A florada dos ipês brancos é rápida. Esta crônica vai ao ar com ela já passado, as árvores não estão mais floridas. Seus galhos ostentam apenas as folhas meio secas e sujas, depois de enfeitarem a rua com a força maravilhosa de seu branco contrastando com o azul do céu.

Agora, os ipês amarelos seguem em frente. Mas mesmo eles já estão perdendo suas flores. Muitos já floriram, outros seguem sua sina, com as flores enfeitando seus galhos e puxando a memória para outro tempo, quando a vila encravada do outro lado da serra ficava praticamente vazia, com os homens no sertão e as mulheres cuidando das fazendas em volta, onde a vida corria enquanto as casas da cidade permaneciam vazias.

A demora podia ser de meses ou anos.
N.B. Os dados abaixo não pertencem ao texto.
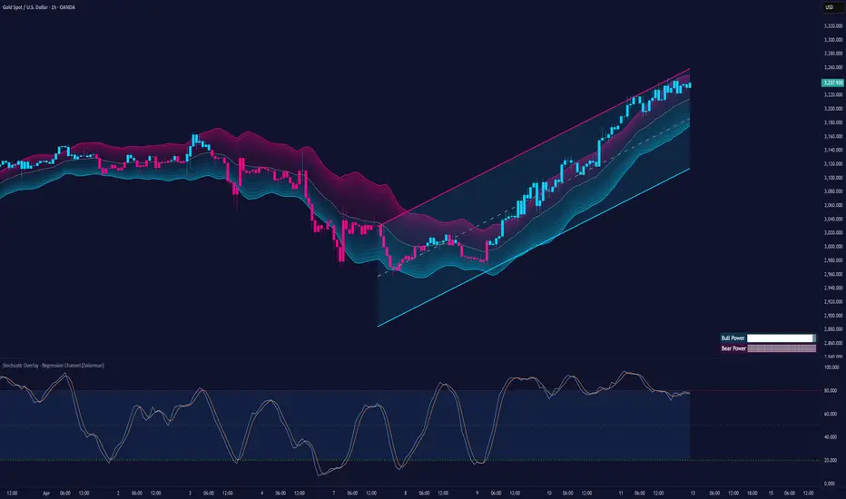 █ Overview The Stochastic Overlay – Regression Channel (Zeiierman) is a next-generation visualization tool that transforms the traditional Stochastic Oscillator into a dynamic price-based overlay. Instead of
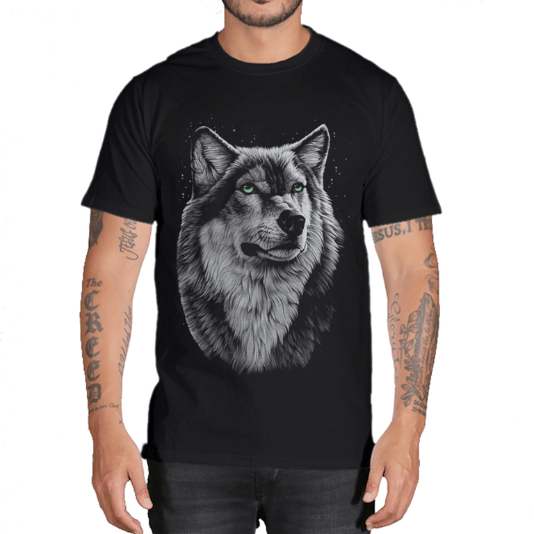 • Tags: men's t-shirt, t-shirt, wolf print, cotton, comfortable, classic cut, short sleeve

Algumas de vários anos. Tanto faz, a vida seguia seu rumo, sob o comando firme das matronas, a maioria mameluca, que tomavam conta das fazendas com competência para fazer vinho,  cuidar dos pomares e dos campos de trigo.

A vida não foi feita para ser fácil, foi feita para ser vida. Esse era o mote que balizava os habitantes do planalto. Povo meio bárbaro, que fechava a entrada da vila quando não queria receber os visitantes. Algumas vezes, padres inquisidores, que não entravam em São Paulo porque aqui não se exercia tão torpe ofício.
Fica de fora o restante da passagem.